Gold rose on Thursday as the previous day's 1 percent drop lured price-sensitive buyers, and as the dollar retreated from a seven-year high against the Japanese yen. The metal fell on Wednesday after a poll showed weaker support among Swiss voters for a referendum proposal that would force the central bank to boost its gold reserves. Appetite for physical gold sparked a reversal in that move, dealers said, with demand from buyers in Asia lifting gold off its overnight low at $1,176.56 an ounce.
Spot gold was up 0.8 percent at $1,192.69 an ounce at 1500 GMT, while US gold futures for December delivery were down $2.00 an ounce at $1,191.90. Earlier this month it slid to a 4-1/2 year low at $1,131.85. "You can't deny the fact that rising interest rates and a strong dollar aren't good for gold, and it is certainly our forecast that the dollar will strengthen further next year," Capital Economics analyst Caroline Bain said.
"On the positive side, though, we are at the kind of levels where we'd expect quite a rebound in physical demand." The dollar index eased on Thursday, but the currency held near a seven-year high versus the yen as investors bet that the Federal Reserve will start raising interest rates next year while the Japanese central bank maintains stimulative policies.

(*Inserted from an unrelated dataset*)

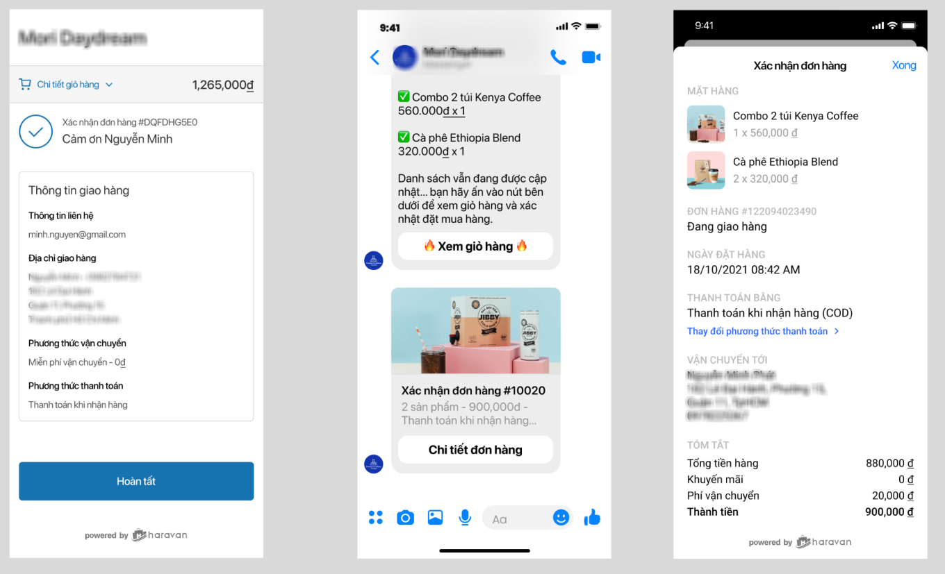 Người mua chỉ cần vào cập nhật thông tin nhận hàng, hệ thống sẽ gửi một mẫu xác nhận đơn hàng đến cho khách là hoàn tất:

A stronger dollar tends to weigh on gold, which is priced in the US unit. Selling by gold funds resumed after a brief pause this week. The world's largest gold-backed exchange-traded fund, SPDR Gold Shares, said its holdings fell 0.3 percent to 720.91 tonnes on Wednesday. Gold exports to China from Switzerland, a major trading and refining centre, more than tripled to 42.5 tonnes last month, Swiss customs data showed.
Among other precious metals, platinum briefly slipped into a discount to gold for the first time since mid-October before recovering to trade at a premium of about $10 an ounce. Platinum was up 1.9 percent at $1,205 an ounce, while palladium was up 0.7 percent at $765.70 an ounce. Silver was up 0.3 percent at $16.14 an ounce.